Little Imber On The Down by Rex Sawyer is the first book to be devoted to the history of this Salisbury Plain community, a remote village which until sixty years ago carried on its life to a large extent untouched by the outside world. In 1943 the villagers were all required to leave, so that Imber could be handed over to the army for military training. Everyone believed that after the war those evicted would be allowed to return, and a long campaign against officialdom was waged by their supporters, but to no avail. Imber, except for soldiers, is now deserted and largely destroyed, and most of its former inhabitants have died. But the community and its history live on in memories and photographs, and Rex has had the full cooperation of the surviving villagers and their descendants while writing this moving and poignant book. With an engaging text and over 100 evocative illustrations, mostly photographs, the unique village of Imber is brought to life again.
Rex Sawyer was headmaster of Wilton Secondary and Middle Schools at Wilton, Wiltshire, for 18 years.
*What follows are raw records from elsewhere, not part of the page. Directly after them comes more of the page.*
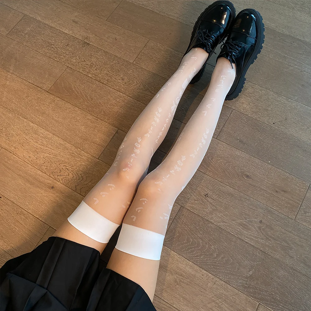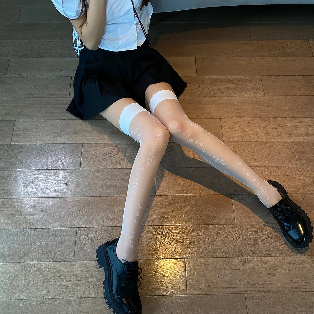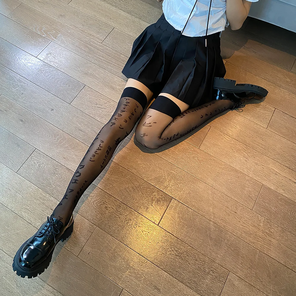 Пикантные кружевные высокие чулки Harajuku в готическом стиле с японским буквенным принтом, в стиле лолита, женские тонкие милые узкие чулки для девушек и женщин, тонкие колготки JK в темноте
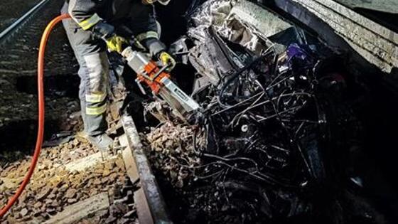 Машинист поезда применил экстренное торможение, но расстояние было недостаточным, и столкновения избежать не удалось. Судя по фото с места происшествия, машина была практически полностью раздавлена и оказалась под железнодорожной платформой.
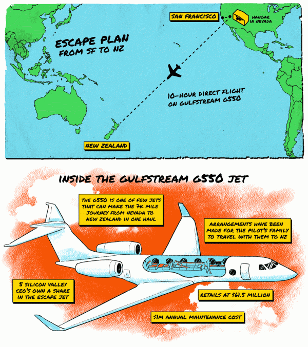 他打算飞往内华达州的一个着陆跑道。那里的一个机库里停放着一架喷气飞机,这架飞机的唯一目的是把他和4位与他共同拥有飞机的亿万富翁送到安全的地方。他们的目的地是新西兰——毛利人称之为“长白云之乡”。
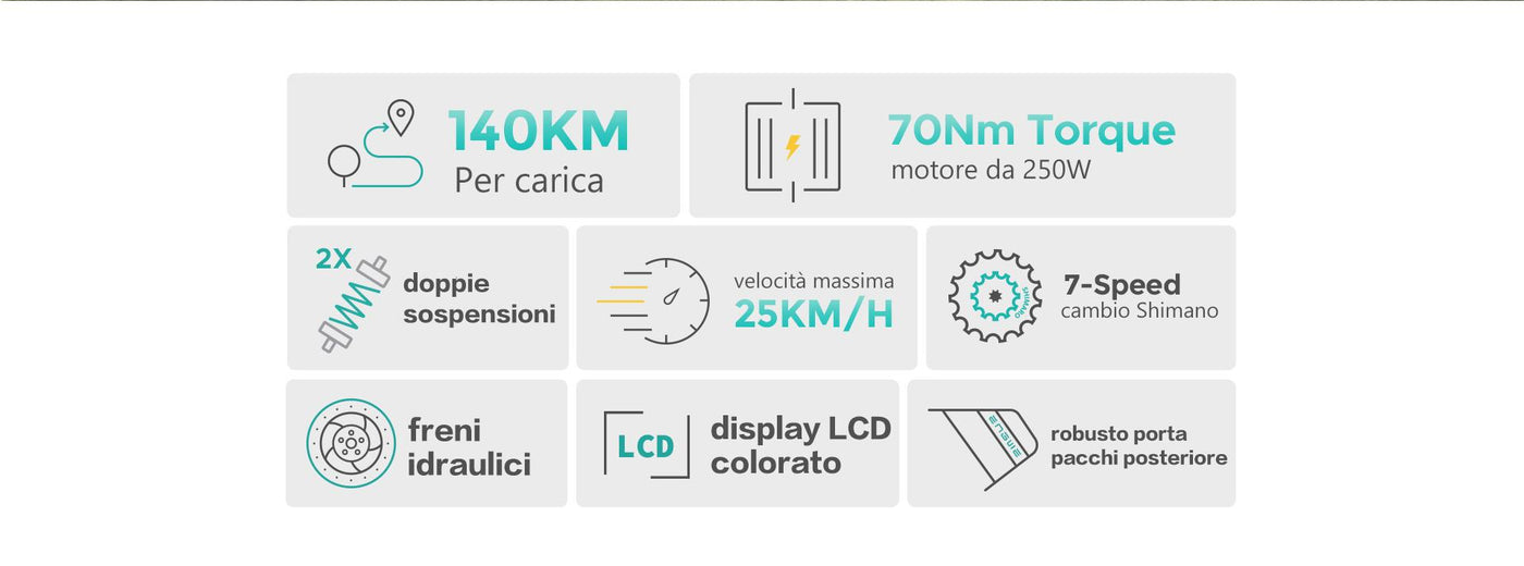 - Velocità massima: 25KM/H (la velocità effettiva varia a seconda del peso del ciclista e delle condizioni della strada)

He was also a counsellor for the Open University, a lecturer for the Wiltshire Educational Association, and a Salisbury magistrate. He now lives at Tisbury in South Wiltshire, where he is actively involved with the Tisbury History Society.
I was lent this book, unsolicited, by a friend. I visited Imber on one of their Open Weekends last year, do it was interesting to relate the text of the book to the geography as I know it. Also, there is a whole chapter devoted to Councillor Austin Underwood of Amesbury, who played a major part in Imber’s fight for survival after the war. This was of particular interest as somebody one a local history social media site, to which I subscribe, had been asking about him. I am no stimulated to reading WH Hudson’s ’A Sheoherd’s Life’ which has been sat unread on my bookshelf since my youth.
A book I have had since publication but took out to read again. The story/history/herstory of this little village on Salisbury Plain from which residents were required to move out as it had been requisioned by the army for training. There is an annual open weekend when the old church can be visited.